=== Exercise aim ===
Once the images are set aside, print the remaining lines below exactly.

=== Data provided ===
——————
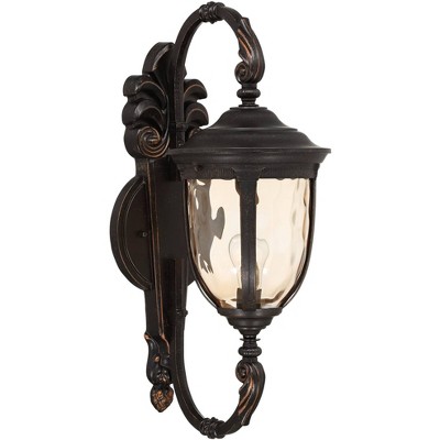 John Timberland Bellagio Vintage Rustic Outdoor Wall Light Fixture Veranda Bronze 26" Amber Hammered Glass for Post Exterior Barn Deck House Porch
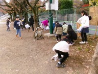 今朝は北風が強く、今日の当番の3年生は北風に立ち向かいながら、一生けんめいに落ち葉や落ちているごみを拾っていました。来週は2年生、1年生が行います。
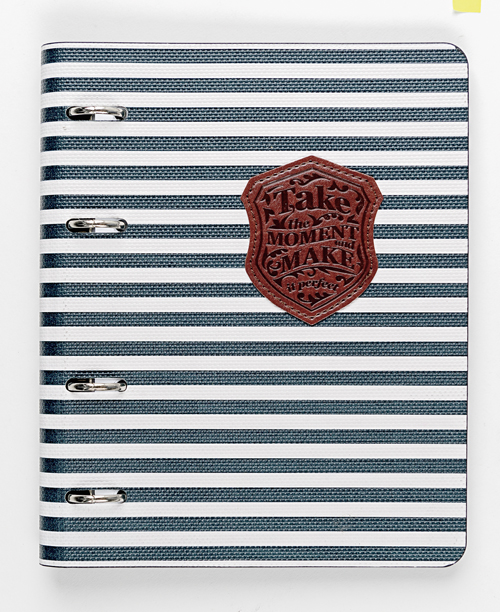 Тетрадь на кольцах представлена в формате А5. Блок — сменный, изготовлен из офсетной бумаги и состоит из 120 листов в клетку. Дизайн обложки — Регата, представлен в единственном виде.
——————
=== Response to this exercise ===
 John Timberland Bellagio Vintage Rustic Outdoor Wall Light Fixture Veranda Bronze 26" Amber Hammered Glass for Post Exterior Barn Deck House Porch
 今朝は北風が強く、今日の当番の3年生は北風に立ち向かいながら、一生けんめいに落ち葉や落ちているごみを拾っていました。来週は2年生、1年生が行います。
 Тетрадь на кольцах представлена в формате А5. Блок — сменный, изготовлен из офсетной бумаги и состоит из 120 листов в клетку. Дизайн обложки — Регата, представлен в единственном виде.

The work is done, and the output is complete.